Fifteen mutations in the NPC1L1 gene, related to a reduction in "bad" or LDL cholesterol, and also with the risk of suffering myocardial infarction, have been located by researchers from the St. Louis School of Medicine in Washington (USA), the MIT Broad Institute (Massachusetts Institute of Technology) and other international entities. The NPC1L1 gene makes the protein of the same name, which is responsible for absorbing cholesterol.
To make such a finding, which has been published in the magazine The New England Journal of Medicine, the genetic traits of more than 110,000 individuals were analyzed, noting that these mutations are clearly unusual: only 1 in 650 people had them.

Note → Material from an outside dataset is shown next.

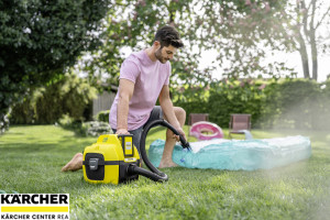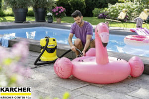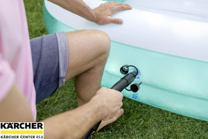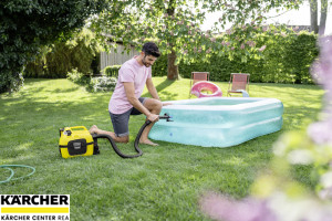 Zajišťuje snadné nafukování a vyfukování nafukovacích matrací, bazénů, nafukovacích člunů atd. pomocí vysavače pro mokré a suché vysávání Kärcher Home & Garden.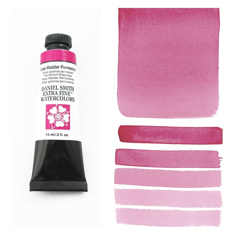 Rose Madder Permanent – farba akwarelowa extra-fine marki Daniel Smith. Tubka o pojemności 15 ml. Pigmenty: PR 209, PV 19, PR 202

As he explains Jaume Marrugat, co-author of the study:
The work consisted of looking for mutations that inactivated this gene, that is, that the manufactured protein was not active and therefore less cholesterol was absorbed in the intestine and thus decreased LDL cholesterol that circulates in the blood (...) People with some of these mutations had about 12 milligrams per deciliter less LDL cholesterol compared to people without any mutation. The presence of any of these mutations was associated with approximately half the risk of having a myocardial infarction.

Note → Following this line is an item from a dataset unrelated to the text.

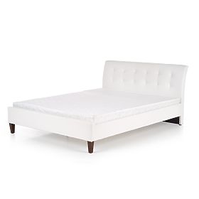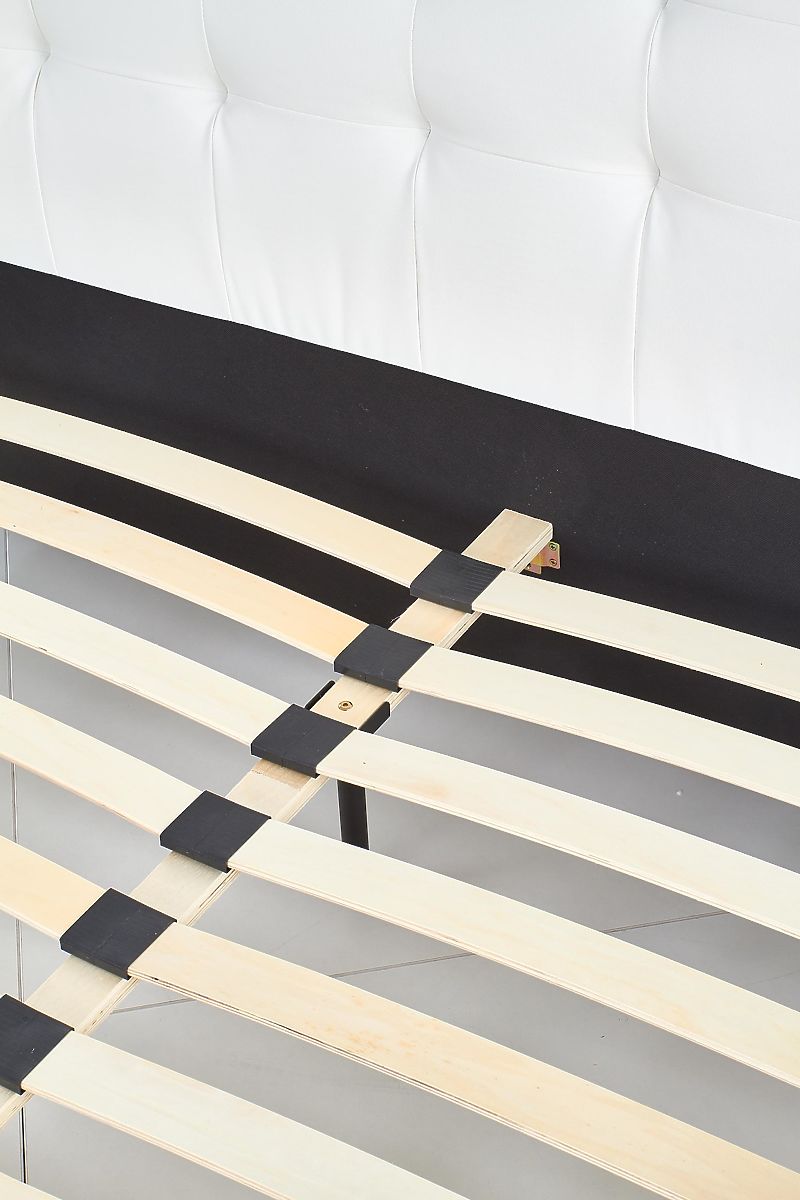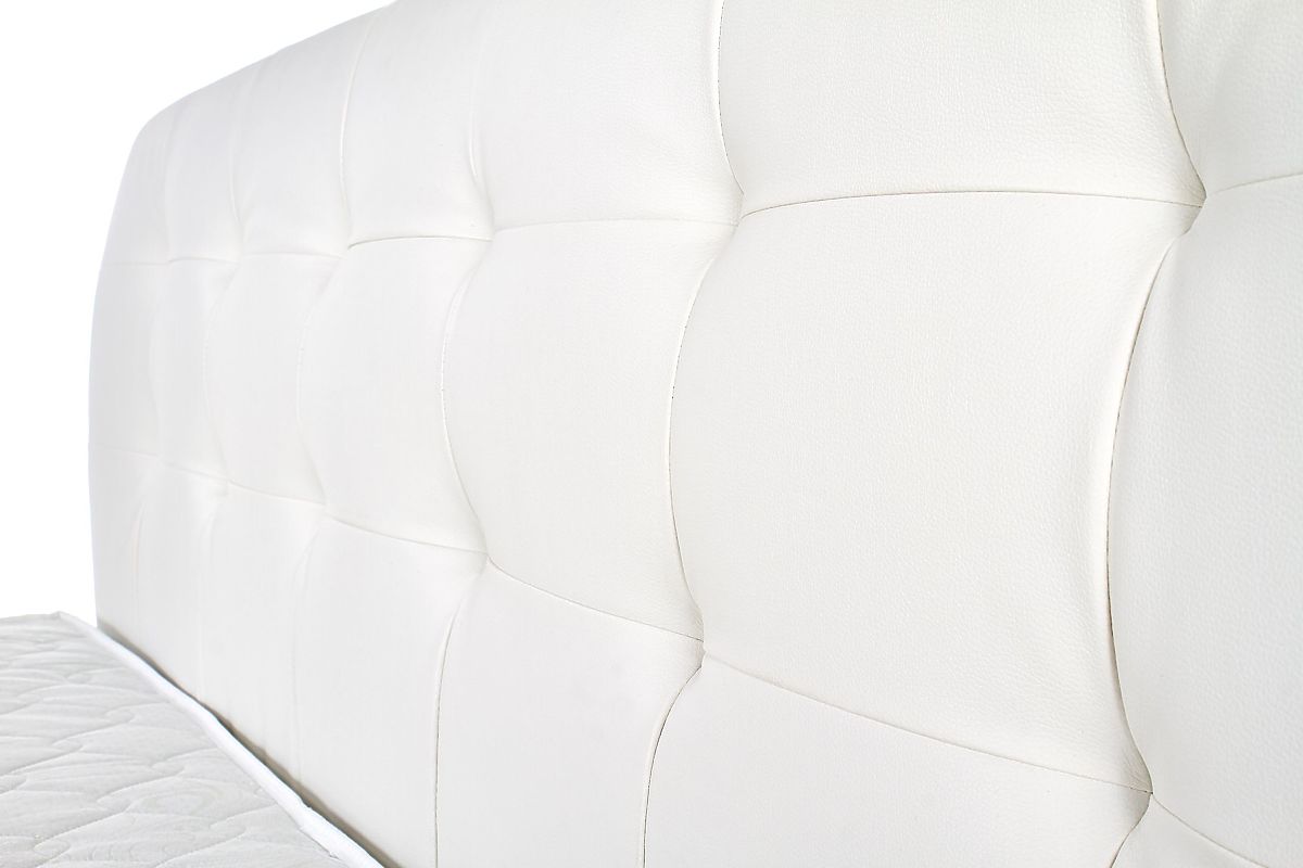 Bett aus Kunstleder und Massivholz in Weiß. .. mehr

The results of this study will mark the targets to which we should direct the drugs. According Roberto Elosua, researcher at the Hospital del Mar Institute for Medical Research (IMIM):
The results of our study suggest that blocking the NCP1L1 protein, as the drug ezetimibe does, may be a good strategy not only to reduce LDL cholesterol but also to prevent myocardial infarction. However, the big difference that can influence the effectiveness of the treatment versus the mutation lies in the fact that the identified mutations exert their action from birth and throughout life, while the drug is used only in case of need in adulthood and, therefore, for a shorter period of time.